Folate and memantine treatment protected against Ab(25–35) peptide‐induced neuron cytotoxicity

This study was to investigate whether and mechanisms by which folic acid (FS) or/and memantine (MT), a clinical drug for treatment of Alzheimer's disease, protected against amyloid‐β (Aβ)‐induce neurotoxicity. Neuroblastoma cells (SH‐SY5Y) were pre‐incubated with folate or/and MT, and then treated with Aβ (25–35) . Neuronal death and signaling were assayed. Treatment of SH‐SY5Y cells with 50 μM Aβ (25–35) for 48 hrs significantly induced apoptotic and necrotic death, which coincided with elevation of calcium and superoxide levels, increased mitochondrial (mt) membrane depolarization, and cytochrome c release. MT treatment at 20 μM ameliorated depolarized mt membrane potential of Aβ (25–35) ‐treated cells, yet did not affect cell death. FS at 1000 μM, but not 500 μM, significantly reduced Aβ (25–35) ‐promote calcium influx and apoptotic death. FS at 500 μM in combination with MT treatment protected Aβ (25–35) ‐treated cells from mt membrane depolarization, death signal release of cytochrome c and apoptotic death.

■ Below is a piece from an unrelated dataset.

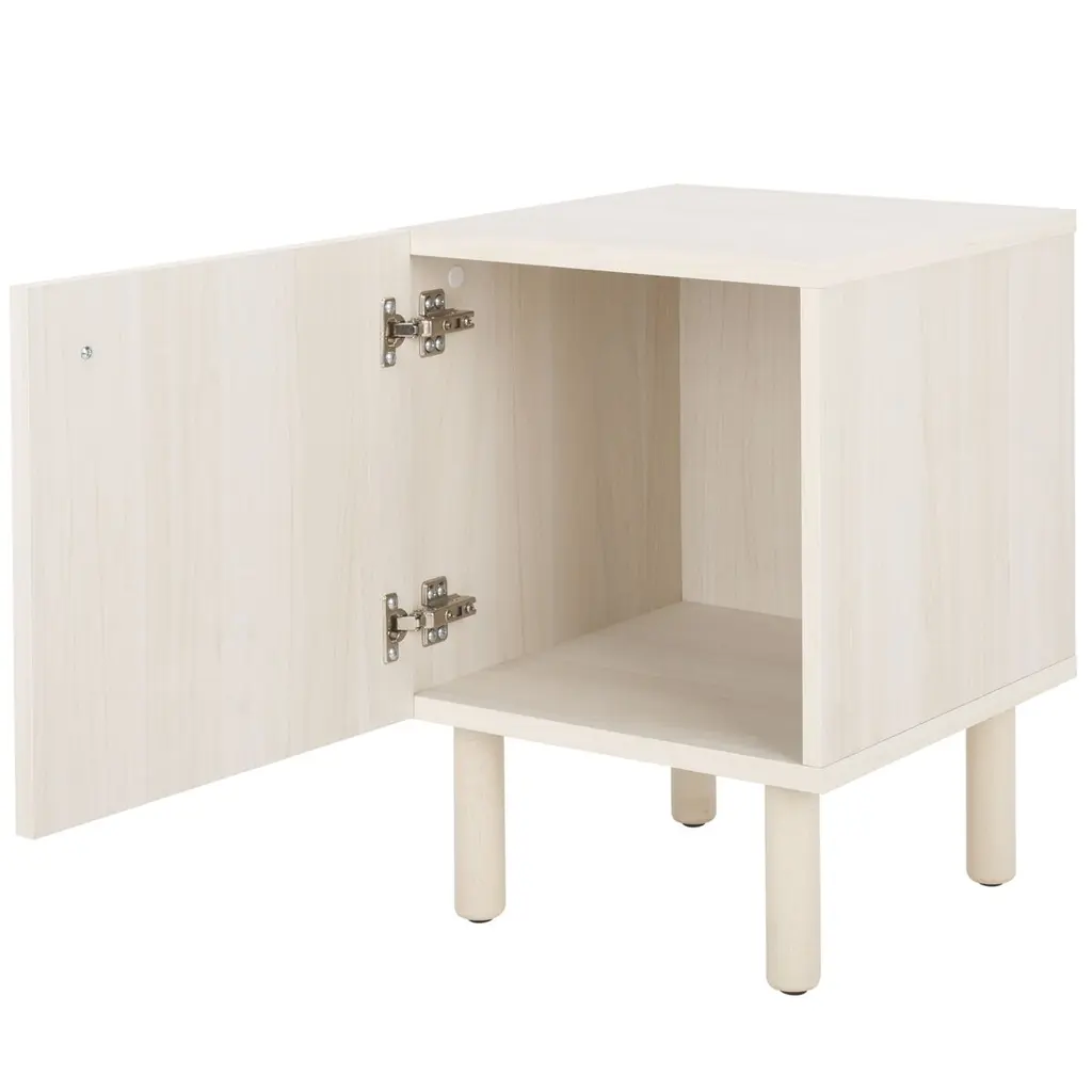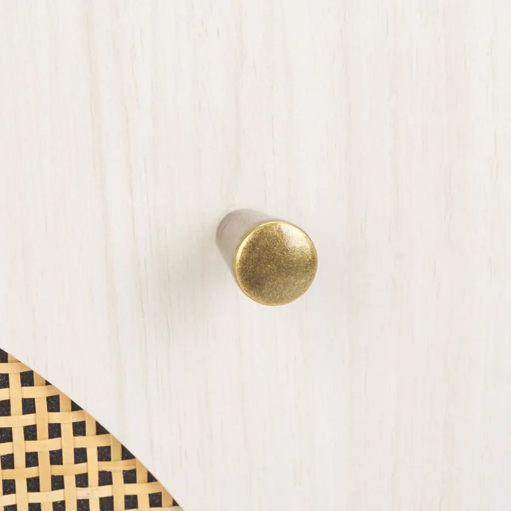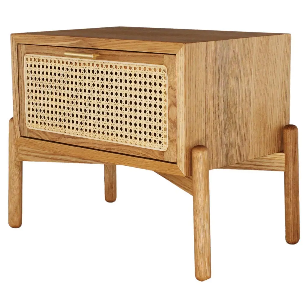 Embrace a modern and charming focal point with our Symmi Nightstand. Its sleek and clean-lined profile stands out with bold geometry and rich textures. The nightstand features a bold circular cut-out on each side, covered in rattan mesh to complement the rich wooden textures of the console. Lending a warm and breezy update to your home, our nightstand includes one roomy cabinet and open shelves to keep all your knick-knacks organized.
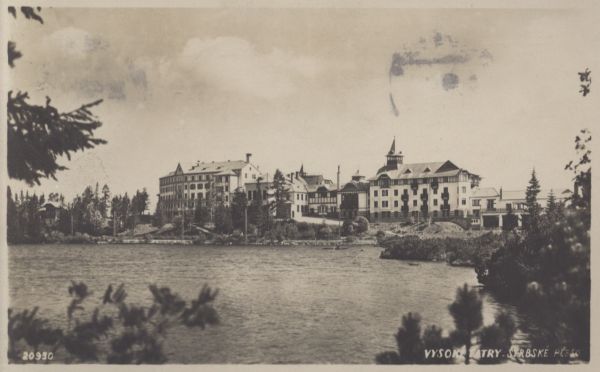 Widok na Szczyrbskie Jezioro. Na brzegu zabudowania sanatoryjno hotelowe.

High levels of FS (1000 μM) in combination with MT treatment further reduced superoxide levels, apoptotic and necrotic death in Aβ (25–35) ‐treated cells. Collectively, FS in combination with MT treatment promoted synergistic effects to protect neuronal cells from Aβ (25–35) ‐induced apoptotic and necrotic death, mediated by amelioration of ROS production and mt‐associated death signaling.